Table 2. Comparison of device performance.

Structure	Response Wavelength (nm)	R (mA/W)	References
n+-Si/SiO2/CuPc/PbPc:PTCDA/Au	808	322 mA/W	[26]
n+-Si/SiO2/PbPc/pentacene/Ag	808	123 mA/W	[27]
n+-Si/SiO2/PbPc/pentacene(2 nm)/Au	808	505 mA/W	[31]
n+-Si/SiO2/PbPc/Au	850	12.08 mA/W	[38]
n+-Si/SiO2/C60/PbPc:AlClPc:PTCDA/Au	850	580 mA/W	[39]
n+-Si/SiO2/pentacene/PbPc/C60/Au	850	1415 mA/W	this work

).

The air stability of Dev-D was measured and shown in Figure 5. As can be seen, after 120 h, the R, P_max, and μ of Dev-D increased from 1415 mA/W, 1.2 × 10⁴, and 2.4 × 10⁻² cm²/V·s to 1500 mA/W, 1.38 × 10⁴, and 2.56 × 10⁻² cm²/V·s by 6%, 15%, and 6.7%, respectively. The results indicated that Dev-D has superior air stability to Dev-B, and the air-sensitive C₆₀ has almost no effect on the air stability of Dev-D. This is because the C₆₀ layer located on the PbPc layer would play a key role in passivation and prevent O₂ and H₂O molecules from permeating towards PbPc to some extent. It is an interesting phenomenon that the device performance may deteriorate quickly when C₆₀ acts as the channel layer in an OPT, whereas the device performance can be maintained well when C₆₀ functions as the top-level passivation layer. This indicates that the air stability of the OPTs containing the C₆₀ layer is linked to the position of the C₆₀ layer. To sum up, C₆₀ acts as a blocking layer, an exciton dissociation layer, and a passivation layer in Dev-D.

4. Conclusions

A series of NIR OPTs with distinct active layer configurations were manufactured. The absorption spectrum of the organic films and the electrical characteristics and air stability of the devices were measured.
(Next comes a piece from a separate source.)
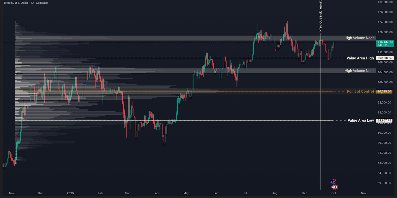 As discussed in earlier reports, the volume profile showed a High Volume Node around $117,000, which we flagged as potential resistance. Price is now gearing up for another attempt to break through this level. If it succeeds—whether on this try or the next—it would signal that the bulls aren’t ready to pack their bags just yet, but instead want another shot at the ‘price discovery’ zone.

The results demonstrated that (i) the bilayer PHJ devices (Dev-B and Dev-C) have far superior photosensitive performance to the single layer ones (Dev-A) due to higher carrier mobility and light absorption of Dev-B and Dev-C than Dev-A; (ii) the bilayer PHJ ones with p-type channel (Dev-B) exhibit equivalent photosensitive properties to those with n-type channel (Dev-C) owing to stronger NIR absorption but lower exciton dissociation efficiency of Dev-B than Dev-C; (iii) Dev-B demonstrates much better air stability than Dev-C due to far superior stability of pentacene to C₆₀ in air; (iv) the tri-layer PHJ ones (Dev-D) possess better photosensitive properties (R of 1415 mA/W and P_max of 1.2 × 10⁴) than the bilayer PHJ ones with p-type channel (Dev-B), and the overall excellent photosensitive performance of Dev-D receives benefits from the merits of tri-layer PHJ structure including high light absorption, carrier mobility and exciton dissociation efficiency; and (v) the air stability of Dev-D is better than that of Dev-B; this can be ascribed to the passivation of the top-level C₆₀ layer, and the C₆₀ layer can effectively block O₂ and H₂O molecules from permeating into the PbPc layer.